I think there is more here than being 80, quite honestly.
My partner is 84, and I almost lost him from a severe stroke a week ago last Thursday.
At this point, his being 84 and I being 82, I cannot say we don't get frustrated with one another sometimes (HOH and all; so "I TOLD you that;" "NO you DIDN'T" sort of thing.) But quite honestly, that's marriage, right?

As to intimacy, that is very much an individual thing, and if you are often frustrated with him I am not surprised he isn't reaching out for you, and is instead reaching for a good read before bed. I am not saying the aging body is "up for everything all the time" but there is a good deal MORE to intimacy than doing the deed. There is cuddling, snuggling, leaning into one another, taking an arm, sitting close and talking intimately. If THAT isn't there you will NEVER SEE THE OTHER again.

Again, I am glad you are seeing someone. To me he sounds like a normal guy in 80s. I am there myself. It's enough to walk the foster, do a bit of gardening, a bit of shopping; we often don't even eat the same things at the same hour with his GERD kicking in some years ago. We are "content". Will we ever have the lyrics of "Young love, first love, filled with deep emotions............" again? Nah. That's fine.

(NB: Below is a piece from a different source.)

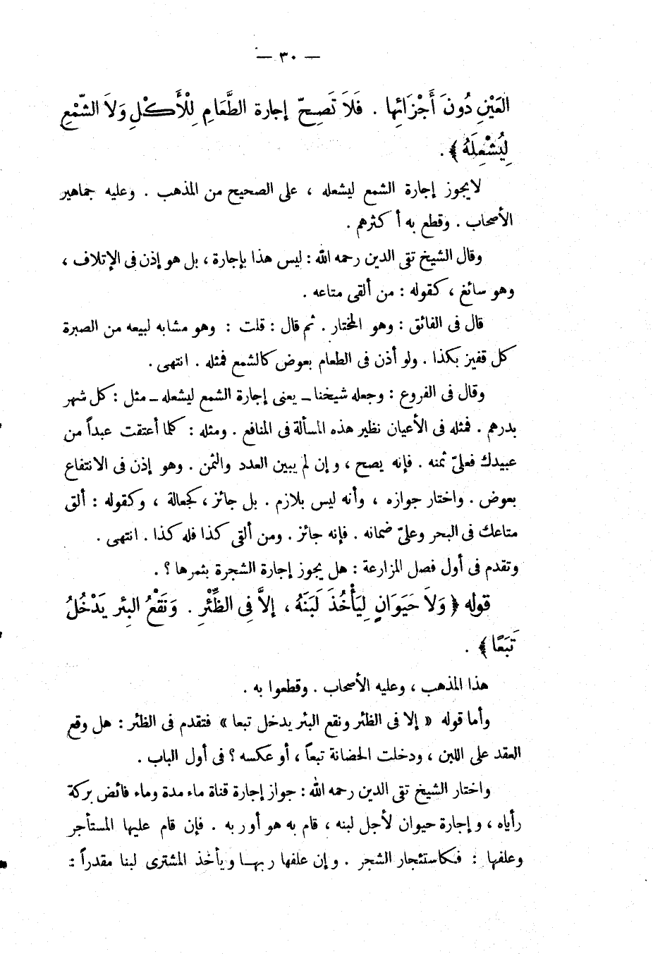 الْعَيْنِ دُونَ أَجْزَائِهَا. فَلَا تَصِحُّ إجَارَةُ الطَّعَامِ لِلْأَكْلِ وَلَا الشَّمْعِ لِيُشْعِلَهُ) . لَا يَجُوزُ إجَارَةُ الشَّمْعِ لِيُشْعِلَهُ، عَلَى الصَّحِيحِ مِنْ الْمَذْهَبِ وَعَلَيْهِ جَمَاهِيرُ الْأَصْحَابِ. وَقَطَعَ بِهِ أَكْثَرُهُمْ. وَقَالَ الشَّيْخُ تَقِيُّ الدِّينِ - رَحِمَهُ اللَّهُ -: لَيْسَ هَذَا بِإِجَارَةٍ، بَلْ هُوَ إذْنٌ فِي الْإِتْلَافِ، وَهُوَ سَائِغٌ، كَقَوْلِهِ: مَنْ أَلْقَى مَتَاعَهُ. قَالَ فِي الْفَائِقِ: وَهُوَ الْمُخْتَارُ. ثُمَّ قَالَ: قُلْت: وَهُوَ مُشَابِهٌ لِبَيْعِهِ مِنْ الصُّبْرَةِ كُلَّ قَفِيزٍ بِكَذَا. وَلَوْ أَذِنَ فِي الطَّعَامِ بِعِوَضٍ كَالشَّمْعِ فَمِثْلُهُ. انْتَهَى. وَقَالَ فِي الْفُرُوعِ: وَجَعَلَهُ شَيْخُنَا يَعْنِي إجَارَةَ الشَّمْعِ لِيُشْعِلَهُ مِثْلَ: كُلِّ شَهْرٍ بِدِرْهَمٍ. فَمِثْلُهُ فِي الْأَعْيَانِ نَظِيرُ هَذِهِ الْمَسْأَلَةِ فِي الْمَنَافِعِ. وَمِثْلُهُ: كُلَّمَا أَعْتَقْت عَبْدًا مِنْ عَبِيدِك فَعَلَيَّ ثَمَنُهُ. فَإِنَّهُ يَصِحُّ، وَإِنْ لَمْ يُبَيِّنْ الْعَدَدَ وَالثَّمَنَ. وَهُوَ إذْنٌ فِي الِانْتِفَاعِ بِعِوَضٍ. وَاخْتَارَ جَوَازَهُ، وَأَنَّهُ لَيْسَ بِلَازِمٍ. بَلْ جَائِزٌ كَجَعَالَةٍ، وَكَقَوْلِهِ: أَلْقِ مَتَاعَك فِي الْبَحْرِ وَعَلَيَّ ضَمَانُهُ. فَإِنَّهُ جَائِزٌ. وَمَنْ أَلْقَى كَذَا فَلَهُ كَذَا. انْتَهَى. وَتَقَدَّمَ فِي أَوَّلِ فَصْلِ الْمُزَارَعَةِ: هَلْ يَجُوزُ إجَارَةُ الشَّجَرَةِ بِثَمَرِهَا؟ .

You are, I think, jumping in and on him way too much. We don't much like GPS either. And we don't much like to drive at all after dark. Things change. I call that normal. If you truly think there is some cognitive decline starting play around with the SLUMS and MoCa testing, and etc. Go get tested by a neuro-psyc together. Because hey, it's a date. That is how, post the stroke in which the clot busters worked 100%, we are calling our forays out to see the docs together; dates.

Go with grace.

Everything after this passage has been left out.